Deploying kube-prometheus-stack gives you Grafana with 20+ pre-built Kubernetes dashboards out of the box. That’s a solid starting point, but production monitoring demands more. You need custom dashboards tailored to your actual workloads, PromQL queries that surface the metrics your team cares about, and alert rules that wake up the right person at 3 AM when a pod starts crash-looping.
This guide walks through building custom Grafana dashboards with template variables and PromQL, configuring Grafana Unified Alerting with Slack and PagerDuty contact points, and setting up production-grade alert rules for Kubernetes. Everything here was tested on a live k3s cluster running kube-prometheus-stack 82.14.1 with real workloads across multiple namespaces. If you haven’t deployed the monitoring stack yet, start with our Prometheus and Grafana installation guide for Kubernetes.
Tested March 2026 | kube-prometheus-stack 82.14.1, Grafana 11.x, Prometheus 3.x, k3s v1.34.5
Explore the Built-in Dashboards
kube-prometheus-stack ships with over 20 dashboards provisioned automatically via ConfigMaps. These cover cluster resources, node metrics, Kubernetes internals, and the monitoring stack itself.
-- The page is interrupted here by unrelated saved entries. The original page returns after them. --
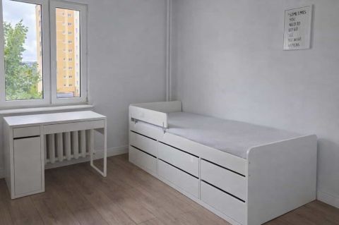 W skład mieszkania wchodzi duży, przestronny salon z wyjściem na balkon, który stanowi idealne miejsce do wypoczynku. Oddzielna kuchnia zapewnia komfort codziennego użytkowania oraz możliwość swobodnej aranżacji.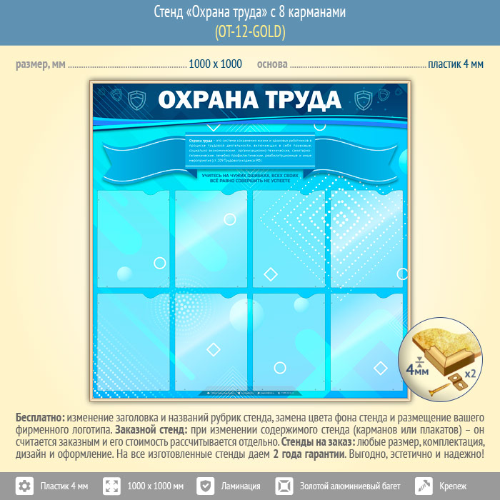 Стенд «Охрана труда» с 8 карманами (OT-12-GOLD) в Нижнекамске купить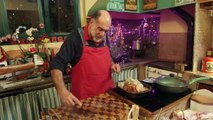 Il pollo e' aperto, steso su un letto di timo e d'aglio e rosolato nello Sherry. Si profuma mantenendo la sua tenerezza.

Open Grafana (port 30080 in this setup), click Dashboards in the left sidebar, and you’ll see the full list organized by folder.

The most useful built-in dashboards for day-to-day operations:
- Kubernetes / Compute Resources / Cluster: CPU and memory usage aggregated across all nodes and namespaces
- Kubernetes / Compute Resources / Namespace (Pods): per-pod resource consumption filtered by namespace
- Kubernetes / Compute Resources / Node (Pods): resource usage broken down by node with pod-level detail
- Node Exporter Full: deep host-level metrics (disk I/O, network, filesystem, CPU per core)
- CoreDNS: DNS query rates, latency, and cache hit ratios
- etcd: leader elections, proposal rates, WAL sync duration
- Kubelet: pod lifecycle operations, runtime latency, volume manager stats
- API Server: request rates, latency percentiles, admission webhook duration
The cluster compute resources dashboard is the one most teams open first. It gives a bird’s-eye view of CPU and memory across every namespace.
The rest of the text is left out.